Once in the Middle East, Zionism shifted the locus of its struggle, from finding a solution to European anti-semitism to building an exclusive Jewish homeland on someone else’s land, that of the Palestinians. If one wants to understand the impact of Zionism in the Middle East, then one needs to see how destabilising such a European ideological implant was.

The idea of ethnic-religious supremacism, which history suggests is latent in many ethnic nationalisms, quickly came to the fore in Zionism. Today, the dominant features of Zionist ideology in Israel are:

  • a commitment to segregation at all levels – made concrete in the separation wall across the West Bank;
  • a belief in ethnic exclusivism – Palestinian citizens inside Israel are even denied an Israeli nationality;
  • a kind of national paranoia – walls are built to protect every border;
  • an aversion, paradoxically given the above, to defining its borders – and with it a craving for expansion and greater “living room”.

All of this was predictable if one looked at the trajectory of ethnic nationalisms in Europe. Instead, we in the West see all this as a reaction to Islamism. The reality is we have everything back to front: Zionism, an aggressive ethnic nationalism, fed reactionary forces in the region like political Islam.

Cotto: If Israel adopted its pre-1967 borders, would this, in your opinion, contribute to the peace process?

Cook: Of course, it would. If nothing else, it would show for the first time two things: one, that Israel is prepared to exhibit good faith towards the Palestinians and respect international law; and two, that it has finally decided to define and fix its borders. Those are also two good reasons why I don’t think we will see Israel adopt such a position.

There is a further, implicit question underlying this one. Can a Palestinian state on 22 per cent of historic Palestine, separated into two prison-cantons with limited access to the sea, be a viable state?

No, I don’t think it can – at least not without remaining economically dependent on Israel and militarily vulnerable to it too. That, we should remember, also appears to have been the view of the international community when it tried to solve this problem more than 60 years ago. The United Nations Partition Plan of 1947 gave the Jewish minority 55 per cent of historic Palestine to create a Jewish state, while the Palestinians, the majority of the population, received 45 per cent for an Arab state.

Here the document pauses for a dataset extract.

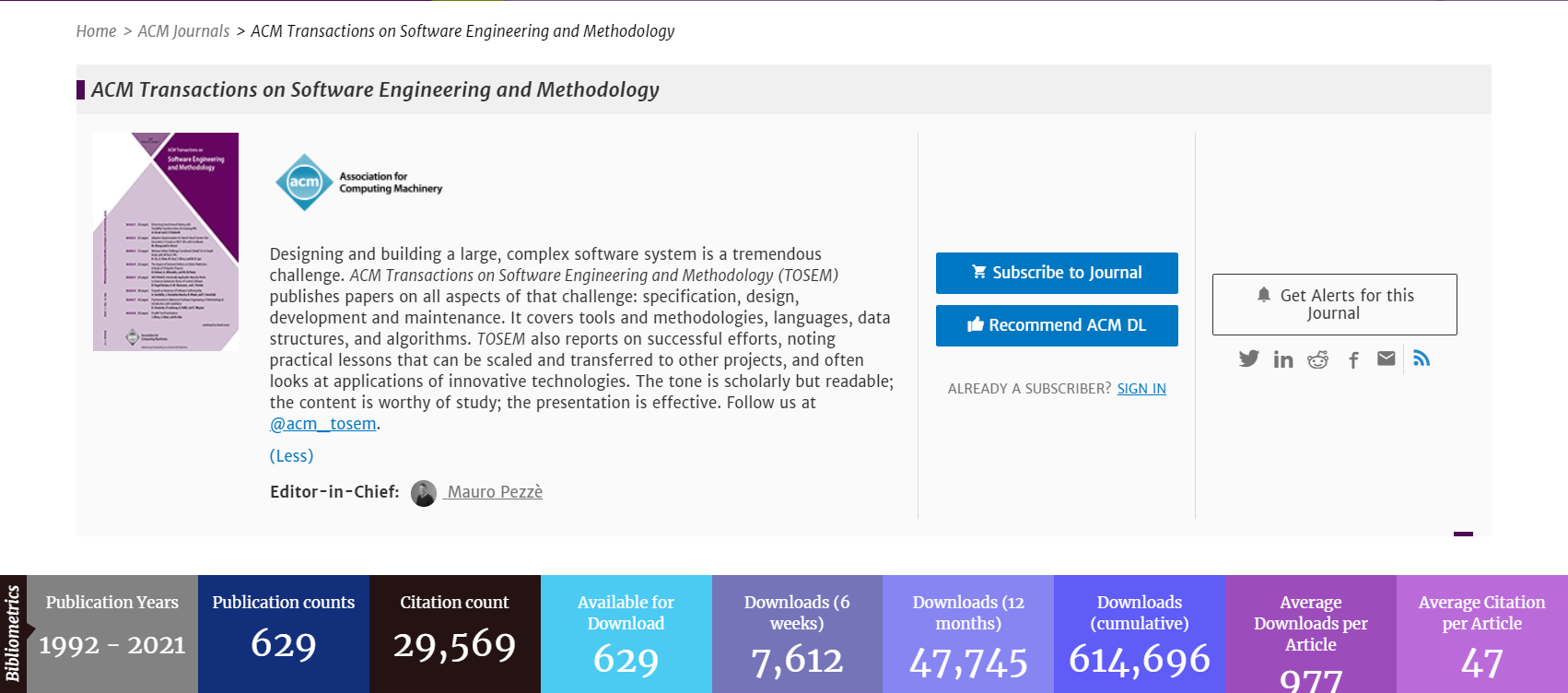 近期,我院软件工程团队2项成果被软件工程国际顶级期刊ACM Transactions on Software Engineering Methodology (TOSEM) 录用并在线刊出。TOSEM是国际上公认的最权威、最高水平的软件工程领域顶级期刊之一,也是软件工程领域仅有的两个CCF A类国际期刊之一。每年1卷,每卷4期,30年(1992-2021)共计收录论文629篇,年均接收文章仅20余篇,录用率极低。

One doesn’t have to believe the partition plan was fair – as most Palestinians do not – to understand that even the Western-centric UN of that time did not imagine that a viable state could be created on 22 per cent of Palestine, or half of the “Arab state” it envisioned.

That is why I have long maintained that ultimately a solution to the conflict will only be found when the international community helps the two sides to find common ground and shared interests and to create joint institutions. That might be vaguely termed the one-state solution, but in practice it could take many forms.

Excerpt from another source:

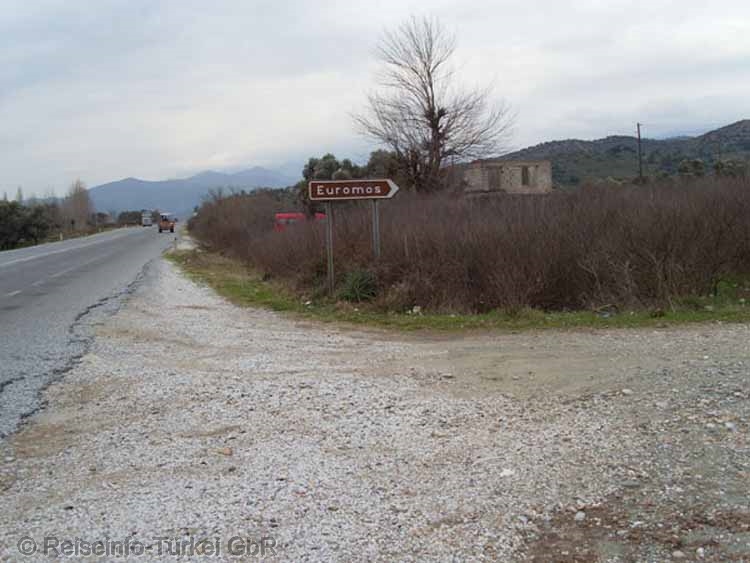 Euromos (2009) Hinweisschild an der D 525, 12 km von Milas entfernt, Richtung

Cotto: It is often noted that Palestinians live in far more impoverished socioeconomic conditions than Israelis do. From your standpoint, can this be attributed to Israeli aggression?

Cook: In essence, it is difficult to imagine it could be attributed to much else, unless one makes the racist assumption that Palestinians or Arabs are naturally lazy or incompetent.

In terms of Israel’s greater economic success, there are several factors to take into account. It receives massive subsidies from the US taxpayer – billions of dollars in military aid and other benefits. It has developed very lucrative hi-tech and homeland security industries, often using the occupied territories as laboratories for it to test and showcase its weapons and surveillance systems. It also benefits from the financial connections it enjoys with worldwide Jewry. Just think of the property market in Israel, which is artificially boosted by wealthy US and European Jews who inject money into the economy by buying an Israeli condo.

But equally importantly – as a just-published report from the World Bank concludes – it has prospered by plundering and exploiting Palestinian resources. The World Bank argues that Israel’s de facto annexation of 62 per cent of the West Bank, known as Area C in the Oslo Accords, has stripped any nascent Palestinian state of almost all its resources: land for development, water for agriculture, quarries for stone, the Dead Sea for minerals and tourism, etc. Instead these resources are being stolen by more than 200 settlements Israel has been sowing over the West Bank.

Israel also exploits a captive, and therefore cheap, Palestinian labour force. That both benefits the Israeli economy and crushes the Palestinian economy.

Cotto: Some say that Israel’s settlement policies directly encourage violence from Palestinian militants. Do you believe this to be the case?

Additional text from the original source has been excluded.